The bottom panel shows chr1 × chrA contacts; the top panel shows chr1 × chrB. Each y sub-panel has its own genomic scale, so the two pairs are directly comparable.

Combining x-axis regions into a single panel

By default each x-axis region in windows renders as its own panel. Setting combine_windows = TRUE concatenates them into a single virtual panel — useful when cross-window contacts (e.g. an inter-chromosomal translocation) need to appear in one continuous view. Each original window keeps its own per-window axis labels and title, and a thin vertical separator marks the boundary.

combine_windows is implemented at the [seq_track()] level, so this option is available to every track type — not just Hi-C.

# Two-region data: intra-chr14, intra-chr5, plus a "translocation"
# band of inter-chromosomal contacts concentrated near a breakpoint.
set.seed(11)
bs   <- 1e5  # bin size
mk_intra <- function(chrom, start, end, decay = 0.25, seed_off = 0) {
  starts <- seq(start, end - bs, by = bs)
  n      <- length(starts)
  set.seed(seed_off)
  mat <- generate_hic_matrix(n, decay_rate = decay)
  data.frame(i_chrom = chrom,  i_start = starts[mat$bin_i],
             i_end   = starts[mat$bin_i] + bs,
             j_chrom = chrom,  j_start = starts[mat$bin_j],
             j_end   = starts[mat$bin_j] + bs,
             score   = mat$strength,
             stringsAsFactors = FALSE)
}
mk_inter <- function(c1, s1, e1, c2, s2, e2, n = 200, focus = c(0.4, 0.7)) {
  i_st <- s1 + round(runif(n, focus[1], focus[2]) * (e1 - s1) / bs) * bs
  j_st <- s2 + round(runif(n, focus[1], focus[2]) * (e2 - s2) / bs) * bs
  rbind(
    data.frame(i_chrom = c1, i_start = i_st, i_end = i_st + bs,
               j_chrom = c2, j_start = j_st, j_end = j_st + bs,
               score   = rexp(n, rate = 0.4) + 0.5,
               stringsAsFactors = FALSE),
    data.frame(i_chrom = c2, i_start = j_st, i_end = j_st + bs,
               j_chrom = c1, j_start = i_st, j_end = i_st + bs,
               score   = rexp(n, rate = 0.4) + 0.5,
               stringsAsFactors = FALSE)
  )
}

intra14 <- mk_intra("chr14", 98e6,  100e6, seed_off = 1)
intra5  <- mk_intra("chr5",  170e6, 172e6, seed_off = 2)
inter   <- mk_inter("chr14", 98e6,  100e6, "chr5", 170e6, 172e6, n = 250)
all_df  <- rbind(intra14, intra5, inter)

gr_combined <- GRanges(
  all_df$i_chrom, IRanges(all_df$i_start, all_df$i_end),
  i_start = all_df$i_start, i_end = all_df$i_end,
  j_chrom = all_df$j_chrom, j_start = all_df$j_start, j_end = all_df$j_end,
  score   = all_df$score
)
win_combined <- GRanges(c("chr14", "chr5"),
                        IRanges(c(98e6, 170e6), c(100e6, 172e6)))

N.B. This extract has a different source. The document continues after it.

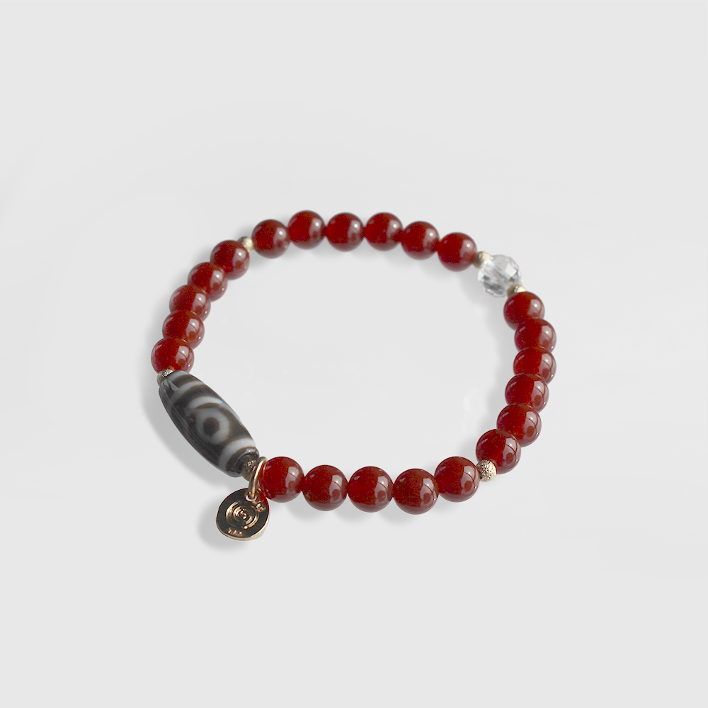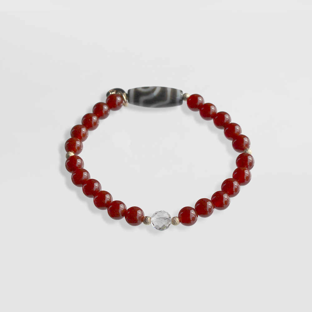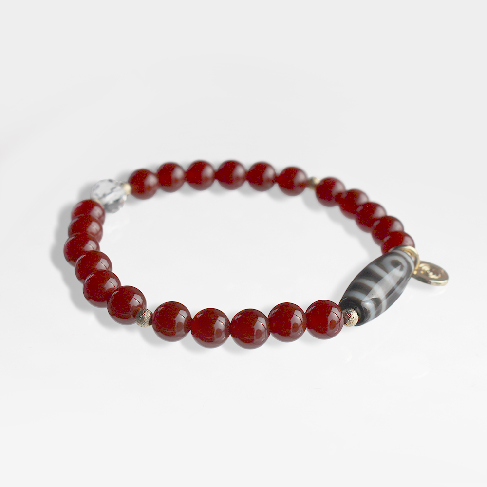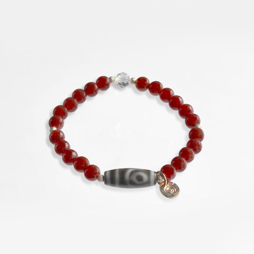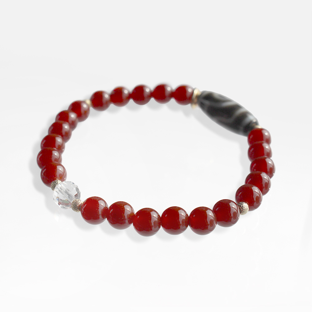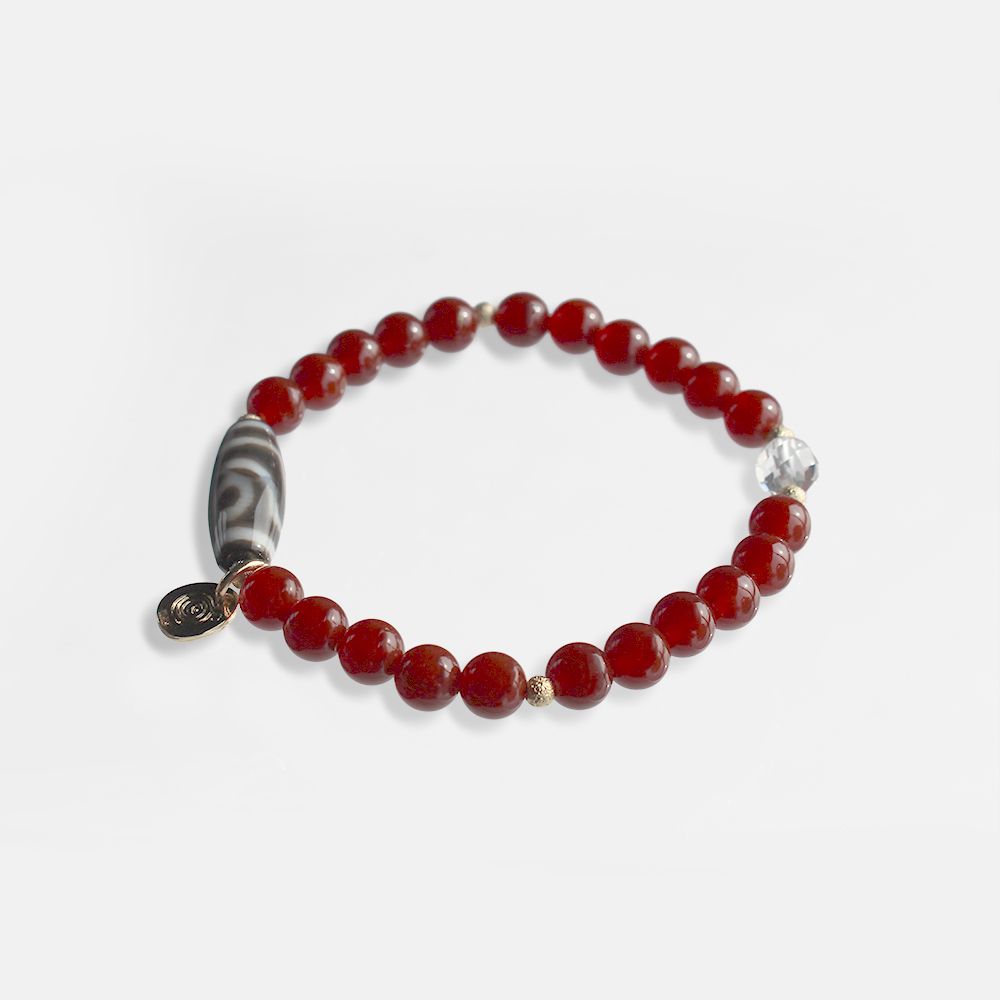 恋愛成就・夫婦円満・相互理解に力を発揮し、商売においても調和を促すといわれている二眼天珠に、家庭円満・子宝に恵まれ、情熱や積極性を呼び起こすとされるレッドアゲートなどを組み合わせたブレスレットです。

combine_windows = TRUE — triangle

The two intra-chromosomal contact decays sit on either side of a boundary, with the cross-chromosomal “translocation” rising as a floating diamond between them.

seq_hic(gr_combined,
        windows         = win_combined,
        style           = "triangle",
        combine_windows = TRUE,
        palette         = "reds")$plot()

combine_windows = TRUE — full

The same contact set as a 2D matrix. The diagonal lights up in each intra-chromosomal quadrant, with a bright inter-chromosomal block in the off-diagonal quadrants.

seq_hic(gr_combined,
        windows           = win_combined,
        y_windows         = win_combined,
        style             = "full",
        combine_windows   = TRUE,
        combine_y_windows = TRUE,
        palette           = "reds")$plot()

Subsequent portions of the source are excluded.